Saturday, April 14, 2012

My life recently.

I'm going to start with today, and work my way backwards. Crazy, i know.

So i'm at the lake this weekend, and i'm not going to lie most of it has sucked. The rooms are gross and i swear they are made for people under 5 foot 3. The rooms are also incredibly small, and trying to fit 21 people (lets just say none of us are super skinny) in one room is insane. We had a hard time getting here (it is in the middle of nowhere and the closest gas station is literally two hours away), and there is NOWHERE to eat. It just sucks. However, we are right on the lake. And the lake is GORGEOUS. We have had a lot of time seeing family, and we definitely surprised my uncle for his birthday (thats why we came). There have been tons of laughs, and even more pictures. So it's not an overall bust. And i would even be willing to come back, given that fewer people were confined to the room. Did i mention it's beautiful? So lovely.
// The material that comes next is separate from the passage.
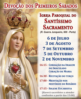 Os Arautos do Evangelho estão a promover na igreja do Ssmo Sacramento, no Porto, a prática reparadora dos Cinco Primeiros Sábados.

My nights are still bad. The days have been too, but it's a lot easier to block those things out with five crazy little kids running around. I just can't stop thinking. It's awful. Even when i shouldn't be sad, i am. I constantly think about things (more like they just pop in my head) and they seriously take over. Depression sucks. It just takes over, and most of the time i am on the verge of tears. Concentrating in class is getting harder, smiling is a lot harder, everything in general is harder. I know i'm complaining a lot but i have no where to take it. I don't know what to do about it. No one in my family knows. Not a single person. And i would hate to tell them in case they treat me differently. They already talk about my three year old cousin who's in therapy, and say his mom has issues. What if they knew i'm in therapy and depressed? I couldn't handle it and i desperately don't want to tell them. Despite all that, i'm fairly sure i'll have to. My therapy ends thursday (sucks) so we're going to talk about what i can do this summer. I will not be surprised if she suggested medication because i honestly can't do this on my own anymore. Anyways, things are just hard on my own. But lets be serious, telling everyone won't help either. They can't make it better even if they want to.

Spring break was awful. It was like depression on steroids. Enough said.

The rest of my week has been okay as long as i'm not thinking. That's all i can honestly say for anything. I don't know how Abbie has done this for so long. I'd be borderline suicidal too if i were her. Hell, i am sure i will be eventually.